When taking a look at a new site, we have a variety of things that we look at as we work on creating a plan of action. On the SEO side, here are some of the pieces we look at, which may be good for you to check out on your own site. These aren’t all SEO specific, but most of them lean in that direction. These are in no particular order.
Make sure that the “examplesite.com” and “www.examplesite.com” don’t each resolve and stay intact; one should redirect to the other. In addition, extra URLs should also redirect to the primary URL. Here is a bit more about what that means how it works.
See if the site is mobile responsive or not. If not, see how it works on a mobile device and make sure there are no mobile-killers in there such as Flash.
Search Google for “site:examplesite.com” and see how many results you get. The number itself isn’t necessarily too important, but if you have a large site and Google can only see three pages, you know you’ve got a big problem in there somewhere.
Parent pages for dropdowns
If the site has dropdowns, what do the parent landing pages look like? They should be clickable and provide links to all of the internal pages. This is good both for usability and SEO.
Do they have Google Analytics installed?
Are there extra/unnecessary links in the footer? Web design companies like to stick their links down there (grrr), as well as some web products.
H1 / H2 / etc
Are the page titles in H1 tags? Are sub-titles using lower-level Hx tags?
Title and other meta tags
Check the title tags on the site to make sure they are appropriately keyword-rich. Meta Description tags are useful as well. If you find the Meta Keywords loaded up with junk, take a deeper look because someone didn’t really know what they were doing.
Make sure the copyright date in the footer is current. Not really an SEO thing, but worth fixing if it’s incorrect.
Make sure their social URLs are updated and functional, if any.
Speed is very important on a site, both for SEO and for visitor satisfaction. Oversized images are a killer. Understand the difference between dpi/ppi and pixels and get them sized appropriately.

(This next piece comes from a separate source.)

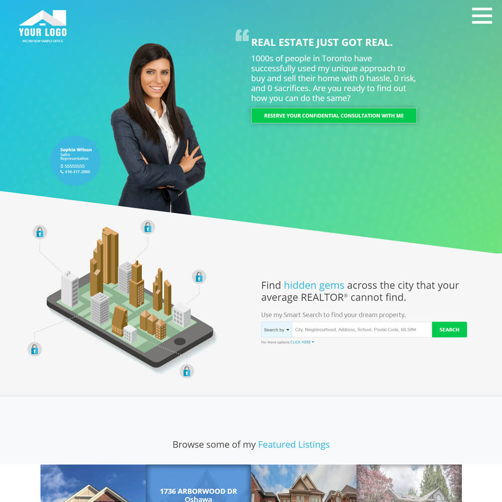 Class: Premium Premium themes are an additional $4.95/m. This grants you access to ALL Premium website designs that add a modern spin to your real estate website. Plus, you can jump from one theme to another.Razor combines sharpness with professionalism. This theme is perfect for displaying multiple listings, content, and tools in an orderly yet aesthetically pleasing manner. The box-style architecture gives off a bold visual impact without compromising the visibility of the call-to-actions.

If the site is WordPress powered…
- Category setup: Check the setup of categories, look for “uncategorized”, etc.
- Authorship: See if Google Authorship has been configured.
- Check to see if they’re using the current version of WordPress and look for any plugin updates (if any can be determined from source code)
- Sharing plugins: If they’re using social sharing plugins on the blog, see what they’re doing with them.
Once you have access to the server and Google Analytics there is a lot more you can learn, but the above can be applied to the public-facing side of any website on the internet to allow you to get a high-level audit.